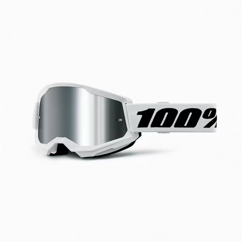 100% Strata 2 White Silver Mirror Lens Goggles. The 100% Strata 2 Goggles are the essential riding goggles that lead the charge of premium performance at a great value. Designed to meet the demands of top athletes and everyday riders, these goggles provide unparalleled comfort and a near limitless field of view, ensuring an exceptional riding experience.
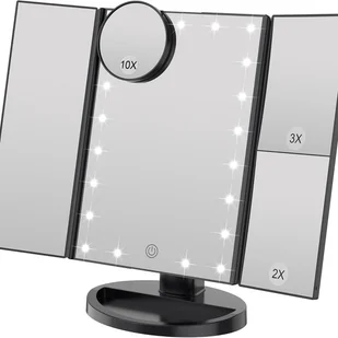 Lustro do makijażu z regulowaną jasnością, 22 diodami LED i powiększeniem 1X/2X/3X, podwójne zasilanie (czarne)
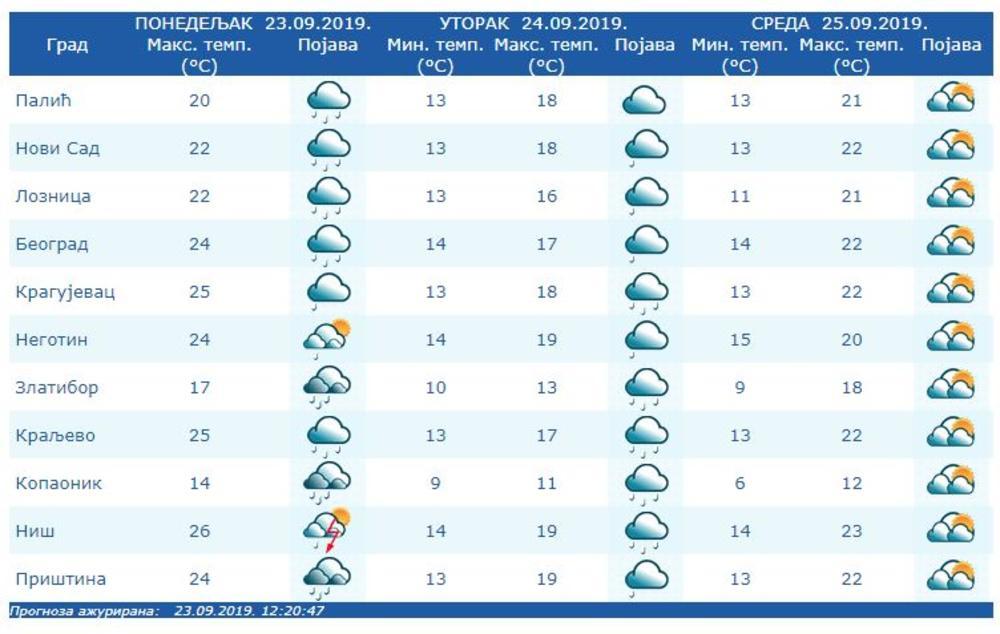U sredu stanovnike prestonice očekuje promenljivo oblačno, ali suvo i malo toplije vreme, sa temperaturom do 22 stepena. Kratkotrajna kiša očekuje se još ponegde u brdsko-planinskim krajevima.

_ _ _ _

• Task requirements: Set down the material word for word, and drop every picture from it.

• Output for this exercise:
 100% Strata 2 White Silver Mirror Lens Goggles. The 100% Strata 2 Goggles are the essential riding goggles that lead the charge of premium performance at a great value. Designed to meet the demands of top athletes and everyday riders, these goggles provide unparalleled comfort and a near limitless field of view, ensuring an exceptional riding experience.
 Lustro do makijażu z regulowaną jasnością, 22 diodami LED i powiększeniem 1X/2X/3X, podwójne zasilanie (czarne)
U sredu stanovnike prestonice očekuje promenljivo oblačno, ali suvo i malo toplije vreme, sa temperaturom do 22 stepena. Kratkotrajna kiša očekuje se još ponegde u brdsko-planinskim krajevima.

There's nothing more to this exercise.